A nurse reaches under a counter, pulls out a used syringe, and hands it to a colleague. Moments later, it heads toward another child’s arm. A doctor injects a patient without sterile gloves. A volunteer — unqualified, officially banned from the children’s ward — draws medicine from a contaminated vial and injects child after child.

This is THQ Hospital in Taunsa, in Pakistan’s Punjab province, filmed covertly by BBC Eye over several weeks in late 2025. The hospital’s director, Dr Qasim Buzdar, says none of it is real.

“This footage could also be staged”

Buzdar was appointed in March 2025 to clean up the facility after it was linked to a devastating HIV outbreak among local children. Shown the undercover footage, he told the BBC it must have been recorded before his tenure. Told it was filmed on his watch, he offered: “This footage could also be staged.”

“Infection prevention controls are followed at THQ Taunsa,” he said. Asked what he would say to parents watching, he replied: “I can say to them with certainty, with confidence, that you should get your treatment done at THQ Taunsa.”

Over 32 hours of filming, BBC Eye witnessed syringes being reused on multi-dose vials on ten occasions. In four cases, medicine from the same vial was given to a different child. Staff injected patients without sterile gloves 66 times. Syringes, needles, and open vials were left scattered on countertops.

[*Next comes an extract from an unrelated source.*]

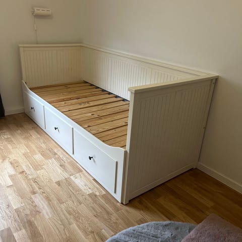 Utdragbar säng från IKEA men två stora praktiska lådor för förvaring. I gott skick men med några mindre skav, se bilder. Sängen har led-lights på kanten som fås på köpet.
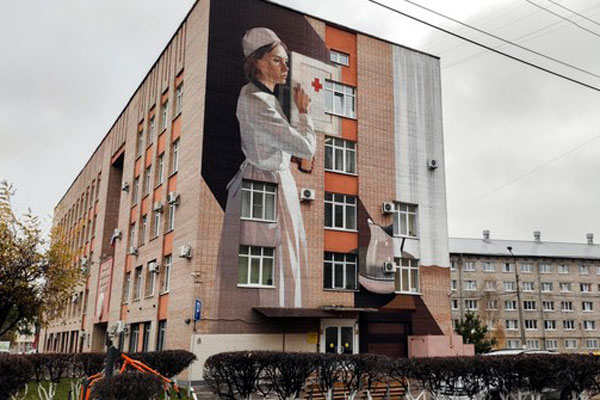 Изображение фронтовой медсестры сделал Александр Дёмкин. По его словам, паблик-арт - это уличное изобразительное искусство в его легальном воплощении, больше похожее на диалог со зрителем. Сегодня у молодого художника немало произведений в жанре сюрреализма, его стиль узнаваем. Он работает в основном с образами в контексте города.

331 children, and a pattern of denial

BBC Eye identified 331 children who tested positive for HIV in Taunsa between November 2024 and October 2025, using data from the Punjab AIDS screening programme, private clinics, and a leaked police dataset. Of 97 infected children whose families were tested, only four mothers were positive — ruling out mother-to-child transmission in most cases. Provincial data lists “contaminated needle” as the mode in more than half.

Nine children have died. Nineteen new cases emerged in the past four months alone.

Eight-year-old Mohammed Amin died shortly after testing positive. His fevers were so severe he insisted on sleeping in the rain, his mother Sughra recalled. He writhed in pain “like he’d been thrown in hot oil.” His sister Asma, ten, also tested positive. Sughra does not have the virus. Both children had received injections at THQ Taunsa.

Asma now faces lifelong antiretroviral treatment. Neighbours stop their children from playing with her. “She asks her mother, ‘What is wrong with me?’” her uncle told the BBC.

Systemic failure, not a single bad hospital

The crisis mirrors a pattern. In 2019, hundreds of children in Ratodero, Sindh province, contracted HIV through contaminated equipment. By 2021, that number reached 1,500, and new infections continue. In Karachi, 84 children treated at a government hospital tested positive; the federal health minister confirmed syringe reuse as the cause.

Pakistan has one of the world’s highest rates of therapeutic injections, many medically unnecessary. Dr Fatima Mir of Aga Khan University Hospital says patients and doctors default to injections when oral medication would suffice. Supply shortages compound the problem — nurses must make limited stocks last an entire month.

The Punjab health department said “no validated epidemiological evidence” had “conclusively established THQ as a source,” pointing to a joint mission with Unicef, WHO, and UNAIDS that highlighted unregulated private clinics and unscreened blood transfusions. Auto-disable syringes had been supplied to all government hospitals, it said, and 240 unlicensed clinics sealed.

Yet the BBC obtained the joint mission’s own April 2025 inspection report, which found conditions at THQ Taunsa “especially concerning.” Unsafe injection practices were “common.” Cannulas were unlabelled. Hand hygiene was neglected. No sanitizers were available.

Suspended medical superintendent Dr Tayyab Chandio was quietly reassigned within three months to a rural health centre on Taunsa’s outskirts, where he continues to treat children. The local government said “no inquiry outcome has legally barred” him from practice.

Asma, standing at her brother’s grave, says she misses him. “He’s with God now.” She tells the BBC she works hard at school. “When I grow up,” she says, “I want to become a doctor.”